MAP60Csx(日本語版)がSDHC対応にファームアップ

便利度 :★★★★☆
工作度 :☆☆☆☆☆
推薦度 :★★★★☆
危険度 :☆☆☆☆☆


英語版MAP60Csxでは既に2009年3月公開のファームウェアVer.3.90 でSDHC規格のメモリーカードにに対応できるようになっていましたが、日本語版MAP60Csx 用のこれまでのファームウェア(~Ver 2.70) はSD規格にしか対応しておらず、したがってメモリー容量も2Gバイトが限界(図郭も最高2025パーティションまで)となっていました。
このため、純正のマップソースでも、“シティーナビゲーター”と“TOPO10m ” の2本の全領域(約2.3G)を入れるにも容量が不足するという状況だったのです。

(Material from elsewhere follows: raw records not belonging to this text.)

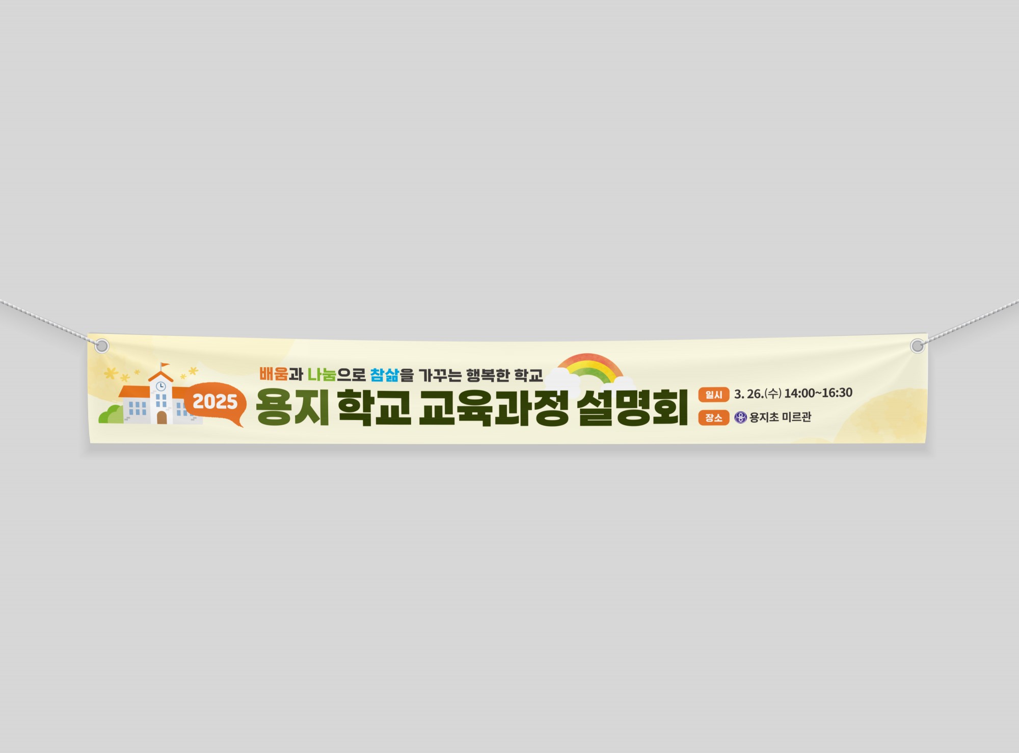 현수막 [용지초등학교] '교육과정설명회' 현수막 페이지 정보 작성자 관리자 댓글 0건 조회 9회 작성일 26-01-02 13:49 목록 본문 이전글[김해보건소] '대장암검진안내' 포스터 26.01.02 다음글[충북장애인종합복지관] 'AAC' 디자인 및 표찰 제작 26.01.02 댓글 0 댓글목록 등록된 댓글이 없습니다.
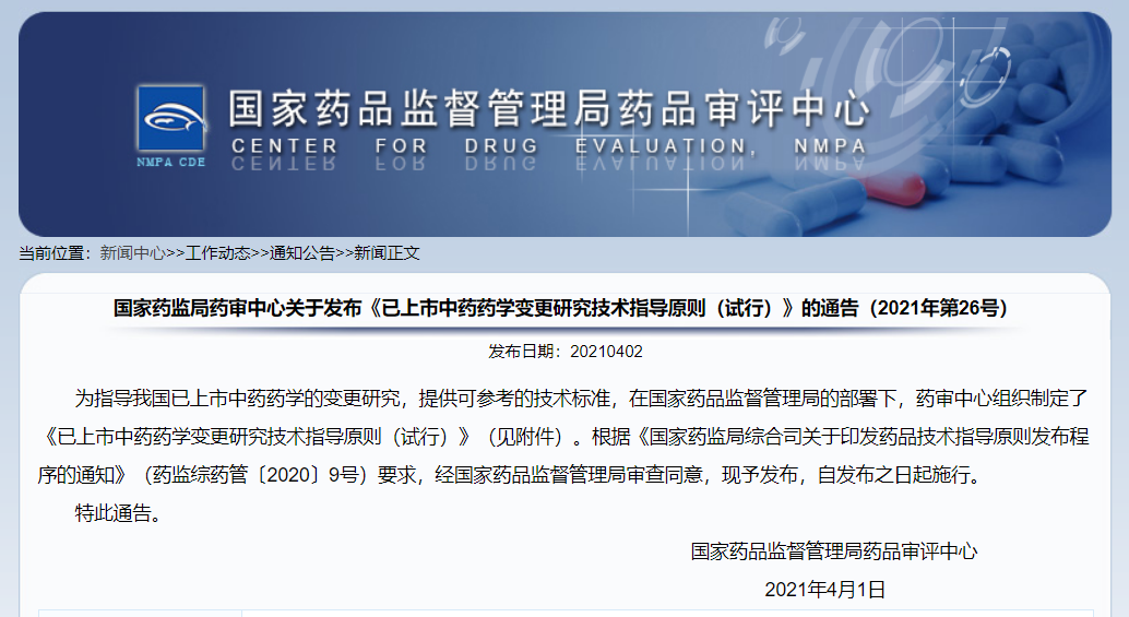 國(guó)家藥監(jiān)局藥審中心關(guān)于發(fā)布《已上市中藥藥學(xué)變更研究技術(shù)指導(dǎo)原則(試行)》的通告(2021年第26號(hào))
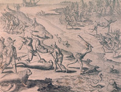 Expedition von Thomas Cavendish aus 'Americae' von Theodor de Bry, um 1593 (Gravur)(Expedition of Thomas Cavendish from 'Americae' by Theodor de Bry, c.1593 (engraving))Theodor de Bry |
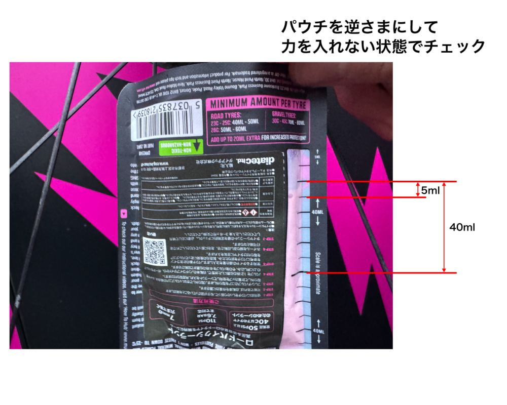 パウチタイプのシーラントの場合、パッケージ裏面の目盛りでシーラントをどれだけ入れたかをチェックすることが出来ます。
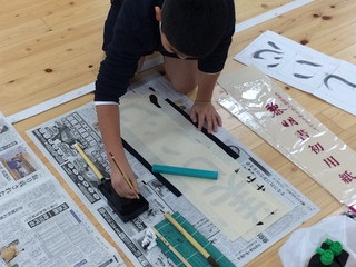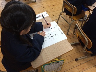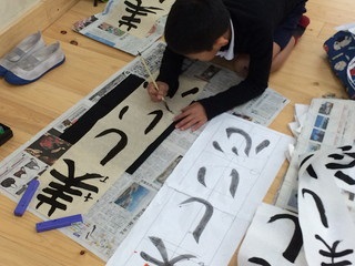 今日は3年生が習字をがんばっていました。
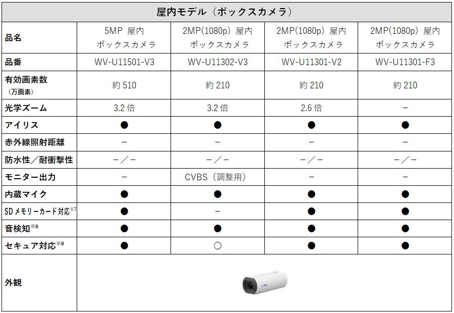 ※8:音検知機能の搭載/非搭載にかかわらず、動体検知(VMD)、妨害検知(SCD)は全機種搭載。
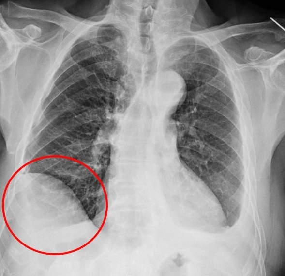 ▲病人創傷後橫膈膜沾黏,右側橫膈膜明顯升高。(圖╱仁愛長庚醫院提供)
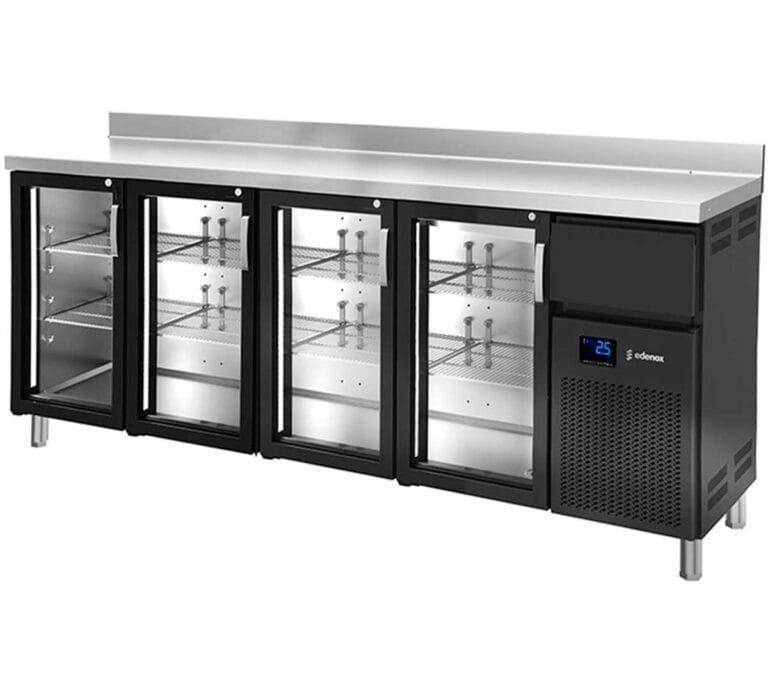 Esta mesa refrigerada es el modelo S-Line de la gama 600 Snack. Tiene puertas opacas y una altura de 85 cm. Está disponible en dos modelos con 2, 3 y 4 puertas.

しかし、今月(2009年7月)公開された日本語版用ファームウェアVer 2.80 でやっとSDHC規格のメモリーカードにも対応するようになりました。
このため、使用可能なメモリーに2Gバイトまでという上限が無くなり、理論上メモリー容量を32Gバイト?までアップすることも可能になったのです。
とはいえ、メーカー動作保障は4Gバイトまでとのことですが、4Gと言ってもそれだけあればシティーナビゲーターとTOPO10m を全部収納し、さらにUUDのROAD25000 と20m等高線と、それを10m等高線にするTOPO+(現在発売停止中)を全部入れてもまだ十分すぎる余裕が残る容量です。

Fup2
(ソフトバージョンが2.80に!)

・・・と言う訳で、早速 MAP60-Csx をファームアップし、上記の地図を全部入れてみる実験をしてみました。
maicroDSHCメモリーはGARMINとの相性がよいと言われている SanDisk 製を選び、容量はメーカーが動作保障をしている4Gバイトです。

Fup1
(新ファームをGARMINのウェブアップデーター、または代理店のサイトから更新する)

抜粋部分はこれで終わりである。